> **About this exercise**
Looking at the listing below, retype exactly the lines starting at the one containing "醤油ラーメン125000VN" and ending at the one containing "2012 Legislature Capital Budget", both included, and nothing else.

> **Source material**

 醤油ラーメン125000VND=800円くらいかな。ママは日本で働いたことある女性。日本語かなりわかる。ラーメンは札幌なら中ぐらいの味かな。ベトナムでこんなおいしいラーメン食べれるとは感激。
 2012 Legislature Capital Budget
* * *
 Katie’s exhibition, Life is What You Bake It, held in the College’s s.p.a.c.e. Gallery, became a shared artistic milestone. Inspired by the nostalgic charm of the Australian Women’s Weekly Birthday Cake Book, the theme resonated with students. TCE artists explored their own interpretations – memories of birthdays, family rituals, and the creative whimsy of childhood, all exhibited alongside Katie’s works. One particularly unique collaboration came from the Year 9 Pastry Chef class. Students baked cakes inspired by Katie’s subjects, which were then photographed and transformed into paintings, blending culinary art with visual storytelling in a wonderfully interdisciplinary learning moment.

> **Answer box**
 醤油ラーメン125000VND=800円くらいかな。ママは日本で働いたことある女性。日本語かなりわかる。ラーメンは札幌なら中ぐらいの味かな。ベトナムでこんなおいしいラーメン食べれるとは感激。
 2012 Legislature Capital Budget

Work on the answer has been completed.